Decision Tree
1. Overview of Decision Tree
The decision tree is a type of supervised machine learning. It has a very early origin, conforms to intuition and is highly intuitive. It imitates the human decision-making process. It was widely applied in early artificial intelligence models. Nowadays, some ensemble learning algorithms based on decision trees are more commonly used. If we thoroughly understand the decision tree algorithm in this chapter, it will be of great help for us to learn ensemble learning later.
1.1 Example 1
We have the following data:
ID | Own Real Estate (Yes/No) | Marital Status [Single, Married, Divorced] | Annual Income (in Thousands of Yuan) | Unable to Repay Debt (Yes/No) |
---|---|---|---|---|
1 | Yes | Single | 125 | No |
2 | No | Married | 100 | No |
3 | No | Single | 70 | No |
4 | Yes | Married | 120 | No |
5 | No | Divorced | 95 | Yes |
6 | No | Married | 60 | No |
7 | Yes | Divorced | 220 | No |
8 | No | Single | 85 | Yes |
9 | No | Married | 75 | No |
10 | No | Single | 90 | Yes |
The above table records whether existing users can repay debts according to historical data, as well as related information. Based on this data, the constructed decision tree is as follows:
For example, if a new user comes: without real estate, single, with an annual income of 55K, then according to the above decision tree, it can be predicted that he cannot repay the debt (the blue dashed path). From the above decision tree, we can also know that whether a user owns real estate can greatly determine whether the user can repay the debt, which has guiding significance for the lending business.
1.2 Example 2
The girl's mother wants to introduce a blind date to her. When asked about the age, the mother says it's 24. Is he handsome? Quite handsome. Is his income high? He has a medium income. Is he a civil servant? The mother says yes. The girl: Okay, I'll go and meet him.

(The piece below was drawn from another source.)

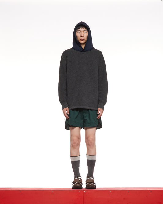 CREW NECK HOODIE KNIT - ASPHALT GREY

Construct a decision tree according to the case:
Question: Is the picture a binary tree?
The decision tree is a standard binary tree, and each node has only two branches~
- In the above tree, the attributes are the green nodes (Age, Appearance, Income, Whether to Be a Civil Servant)
- The attributes are called data, generally represented by X.
- Corresponding to the attributes, the target values (the orange nodes) are generally represented by y.
- When constructing this tree, the sequence varies for each person, and with different standards, the tree structures are different.
- When a computer constructs a tree, the standards are consistent, and the constructed trees are the same.
1.3 Characteristics of the Decision Tree Algorithm
- It can handle nonlinear problems.
- It has strong interpretability, and there are no equation coefficients .
- The model is simple, and the model's prediction efficiency is high.
2. Usage of DecisionTreeClassifier
2.1 Introduction to the Example
Among them, s, m, and l represent small, medium, and large respectively.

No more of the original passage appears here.